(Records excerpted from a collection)
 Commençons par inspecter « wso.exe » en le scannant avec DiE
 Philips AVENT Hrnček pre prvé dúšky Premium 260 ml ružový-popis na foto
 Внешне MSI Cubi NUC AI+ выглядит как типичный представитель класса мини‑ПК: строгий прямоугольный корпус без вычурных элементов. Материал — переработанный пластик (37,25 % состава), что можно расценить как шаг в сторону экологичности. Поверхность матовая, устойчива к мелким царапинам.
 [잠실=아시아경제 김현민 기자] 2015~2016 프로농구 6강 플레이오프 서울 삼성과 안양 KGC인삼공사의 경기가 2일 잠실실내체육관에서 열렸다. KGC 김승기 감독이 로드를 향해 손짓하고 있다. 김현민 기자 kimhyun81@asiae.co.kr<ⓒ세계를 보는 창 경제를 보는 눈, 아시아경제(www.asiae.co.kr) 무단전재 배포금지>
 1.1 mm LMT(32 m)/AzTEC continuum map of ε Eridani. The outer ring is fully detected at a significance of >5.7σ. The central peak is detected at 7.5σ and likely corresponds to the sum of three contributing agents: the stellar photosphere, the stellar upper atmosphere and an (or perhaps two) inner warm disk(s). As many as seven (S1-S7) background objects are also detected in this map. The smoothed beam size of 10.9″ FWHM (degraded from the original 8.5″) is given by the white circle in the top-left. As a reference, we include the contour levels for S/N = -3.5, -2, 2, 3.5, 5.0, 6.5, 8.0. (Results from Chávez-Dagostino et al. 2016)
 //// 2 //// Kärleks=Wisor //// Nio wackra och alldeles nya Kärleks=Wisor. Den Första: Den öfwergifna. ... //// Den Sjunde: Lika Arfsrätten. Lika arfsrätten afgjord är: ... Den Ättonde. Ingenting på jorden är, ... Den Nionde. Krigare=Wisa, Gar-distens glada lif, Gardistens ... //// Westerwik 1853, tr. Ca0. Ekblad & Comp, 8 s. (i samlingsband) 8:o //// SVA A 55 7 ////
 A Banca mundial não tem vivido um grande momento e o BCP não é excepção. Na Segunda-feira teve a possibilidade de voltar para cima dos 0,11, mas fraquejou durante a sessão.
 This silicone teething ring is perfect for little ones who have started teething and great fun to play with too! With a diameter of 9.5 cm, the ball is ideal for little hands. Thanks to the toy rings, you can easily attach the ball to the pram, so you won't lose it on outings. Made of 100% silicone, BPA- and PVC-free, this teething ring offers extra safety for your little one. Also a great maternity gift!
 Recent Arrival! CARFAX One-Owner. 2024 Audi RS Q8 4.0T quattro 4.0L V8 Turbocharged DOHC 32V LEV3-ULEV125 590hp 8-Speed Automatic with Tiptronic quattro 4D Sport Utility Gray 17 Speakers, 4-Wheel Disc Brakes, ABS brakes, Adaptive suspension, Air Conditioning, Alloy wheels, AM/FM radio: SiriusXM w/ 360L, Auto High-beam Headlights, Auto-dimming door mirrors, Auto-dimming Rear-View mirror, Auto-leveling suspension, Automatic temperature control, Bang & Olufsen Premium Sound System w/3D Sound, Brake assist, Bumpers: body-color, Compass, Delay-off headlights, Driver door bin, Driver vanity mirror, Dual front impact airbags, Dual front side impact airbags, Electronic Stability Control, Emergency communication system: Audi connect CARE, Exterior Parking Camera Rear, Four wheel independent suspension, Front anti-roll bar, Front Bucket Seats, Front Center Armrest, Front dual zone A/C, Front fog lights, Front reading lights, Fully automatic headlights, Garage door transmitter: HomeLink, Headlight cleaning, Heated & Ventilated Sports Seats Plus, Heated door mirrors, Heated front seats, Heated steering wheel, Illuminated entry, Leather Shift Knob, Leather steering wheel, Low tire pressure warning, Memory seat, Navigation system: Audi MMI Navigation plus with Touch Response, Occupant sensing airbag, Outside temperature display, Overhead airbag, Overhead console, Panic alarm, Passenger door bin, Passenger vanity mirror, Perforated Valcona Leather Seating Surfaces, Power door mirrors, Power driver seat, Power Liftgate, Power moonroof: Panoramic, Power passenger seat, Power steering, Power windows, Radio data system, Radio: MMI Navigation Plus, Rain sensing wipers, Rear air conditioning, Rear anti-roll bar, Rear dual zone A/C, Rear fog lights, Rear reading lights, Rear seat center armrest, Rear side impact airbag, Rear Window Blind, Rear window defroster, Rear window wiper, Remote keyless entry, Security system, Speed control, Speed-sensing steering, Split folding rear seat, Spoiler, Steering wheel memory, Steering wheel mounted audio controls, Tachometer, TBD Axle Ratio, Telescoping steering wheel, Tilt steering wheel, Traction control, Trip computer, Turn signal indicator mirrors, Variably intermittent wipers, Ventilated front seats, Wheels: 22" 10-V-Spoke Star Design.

**WORK REQUIRED:**
The first line of the entries above and every line after it, up to and including the line with "A Banca mundial", should be set down exactly.

**RESPONSE BELOW:**
 Commençons par inspecter « wso.exe » en le scannant avec DiE
 Philips AVENT Hrnček pre prvé dúšky Premium 260 ml ružový-popis na foto
 Внешне MSI Cubi NUC AI+ выглядит как типичный представитель класса мини‑ПК: строгий прямоугольный корпус без вычурных элементов. Материал — переработанный пластик (37,25 % состава), что можно расценить как шаг в сторону экологичности. Поверхность матовая, устойчива к мелким царапинам.
 [잠실=아시아경제 김현민 기자] 2015~2016 프로농구 6강 플레이오프 서울 삼성과 안양 KGC인삼공사의 경기가 2일 잠실실내체육관에서 열렸다. KGC 김승기 감독이 로드를 향해 손짓하고 있다. 김현민 기자 kimhyun81@asiae.co.kr<ⓒ세계를 보는 창 경제를 보는 눈, 아시아경제(www.asiae.co.kr) 무단전재 배포금지>
 1.1 mm LMT(32 m)/AzTEC continuum map of ε Eridani. The outer ring is fully detected at a significance of >5.7σ. The central peak is detected at 7.5σ and likely corresponds to the sum of three contributing agents: the stellar photosphere, the stellar upper atmosphere and an (or perhaps two) inner warm disk(s). As many as seven (S1-S7) background objects are also detected in this map. The smoothed beam size of 10.9″ FWHM (degraded from the original 8.5″) is given by the white circle in the top-left. As a reference, we include the contour levels for S/N = -3.5, -2, 2, 3.5, 5.0, 6.5, 8.0. (Results from Chávez-Dagostino et al. 2016)
 //// 2 //// Kärleks=Wisor //// Nio wackra och alldeles nya Kärleks=Wisor. Den Första: Den öfwergifna. ... //// Den Sjunde: Lika Arfsrätten. Lika arfsrätten afgjord är: ... Den Ättonde. Ingenting på jorden är, ... Den Nionde. Krigare=Wisa, Gar-distens glada lif, Gardistens ... //// Westerwik 1853, tr. Ca0. Ekblad & Comp, 8 s. (i samlingsband) 8:o //// SVA A 55 7 ////
 A Banca mundial não tem vivido um grande momento e o BCP não é excepção. Na Segunda-feira teve a possibilidade de voltar para cima dos 0,11, mas fraquejou durante a sessão.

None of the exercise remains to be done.